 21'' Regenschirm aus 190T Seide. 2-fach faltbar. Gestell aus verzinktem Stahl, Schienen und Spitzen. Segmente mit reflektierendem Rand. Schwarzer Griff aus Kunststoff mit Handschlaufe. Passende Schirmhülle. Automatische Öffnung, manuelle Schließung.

---*---

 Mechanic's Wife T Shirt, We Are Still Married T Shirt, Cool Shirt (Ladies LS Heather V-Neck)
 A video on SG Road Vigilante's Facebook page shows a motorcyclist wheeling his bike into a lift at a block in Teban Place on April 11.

---*---

• _Exercise aim_: Copy range, inclusive: the line holding "Mechanic's Wife T" to the line holding "A video on SG". Reproduce exactly those lines of the records above and no others.

• _Response_:
 Mechanic's Wife T Shirt, We Are Still Married T Shirt, Cool Shirt (Ladies LS Heather V-Neck)
 A video on SG Road Vigilante's Facebook page shows a motorcyclist wheeling his bike into a lift at a block in Teban Place on April 11.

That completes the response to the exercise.